On April 19, 1993, the Commission issued a notice of action in which it ordered that Friedland continue his sentence to expiration with the special financial disclosure condition. The Commission stated in its decision:
Your offense behavior has been rated as category six severity because it involved fraud in excess of $ 1 million. Your salient factor score (SFS-81) is 8. You have been in federal confinement as a result of your behavior for a total of 63 months. . . . The Guidelines indicate a range of 40-52 months to be served before release for cases with good institutional adjustment and program achievement. After review of all relevant factors and information presented a decision above the guidelines appears warranted because: your behavior involved the following aggravating factors: The fraudulent behavior to have $ 20 million transferred from funds which you than [sic] used to make speculative high risk investments (ultimately causing a loss of $ 4.5 million), took place over an extended period of time (2 years) 1982-84. The offense was also committed while you pretended to cooperate with officials and while you were on appeal bond from another federal offense. In addition you attempted to evade taxes on money received unrelated to your criminal behavior and also attempted to influence testimony before a Grand Jury. You are a poorer risk than indicated by your salient factor score because you attempted to conceal your profits and escape from punishment by faking your death.
As required by law, you have also been scheduled for a statutory interim hearing during March, 1995.
Friedland appealed the Commission's action. On July 27, 1993, the Commission issued a Notice of Action on Appeal in which it affirmed the previous decision by stating that:
All relevant factors have been considered and no new or significant information is presented which would justify a more lenient decision.

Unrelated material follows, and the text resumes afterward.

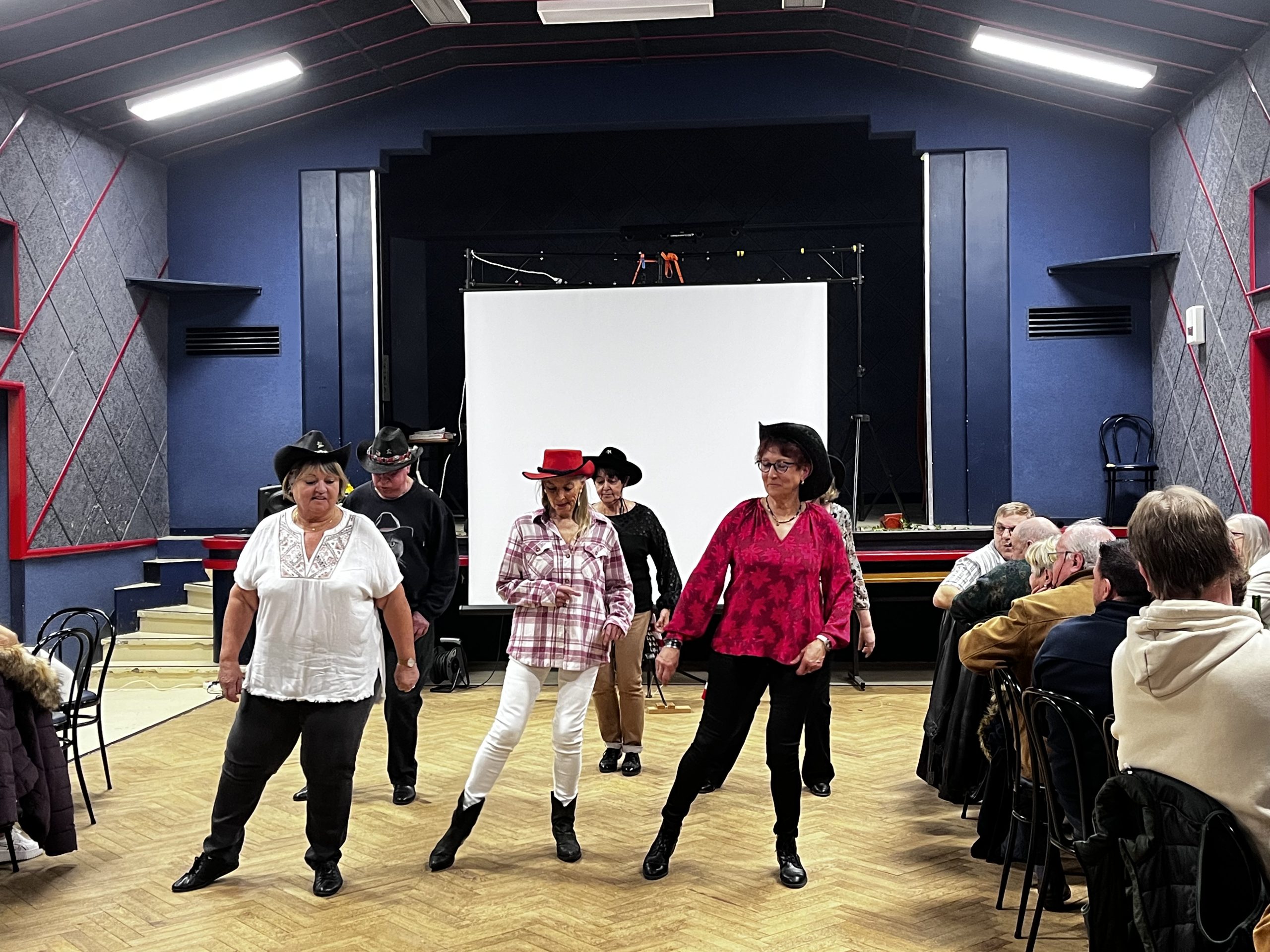 La soirée s’est ensuite animée grâce à Rolland, accompagné de quelques danseuses du groupe de Country, qui ont offert aux invités une démonstration de leur passion. Dans une ambiance enthousiaste et détendue, ils ont même invité les participants à s’initier à quelques pas, pour le plus grand plaisir des spectateurs devenus danseurs le temps de quelques morceaux.Le repas s’est ainsi conclu sur la piste de danse, dans la joie et la convivialité.

F. Friedland's Subsequent Efforts
After the parole hearing Friedland went back to the United States Attorney's Office for the Eastern District of New York to solicit their assistance in reducing his sentence, and on July 18, 1994, Friedland met with Eastern District AUSAs Notopoulos and Valerie Caproni. At that meeting Friedland's attorneys were advised that: (a) they should be discussing the matter with the United States Attorney for the District of New Jersey, (b) the Eastern District of New York had no jurisdiction to file a motion for reduction in New Jersey, (c) they would not change the substance of Notopoulos's March 7, 1993 letter, but (d) they would, if requested, make available to New Jersey authorities the complete details (names of those arrested and convicted, sentences imposed and quantities of drugs seized) of all prosecutions that flowed from Friedland's assistance. However, the United States Attorney's Office in New Jersey indicated that it had no desire to even discuss the matter.
The Sentencing Act of 1987 states that Rule 35(b) as it existed prior to November 1, 1987, ("old Rule 35") applies to all crimes committed before that date. Pub. L. 100- 182, § 22, 101 Stat. 1271. However, courts have held that Rule 35 as it exists today ("new Rule 35") is also applicable to offenses committed prior to November 1, 1987. United States v. Hernandez, 34 F.3d 998, 999 n.1 (11th Cir. 1994); United States v. Weaver, 884 F.2d 549, 550 (7th Cir. 1989).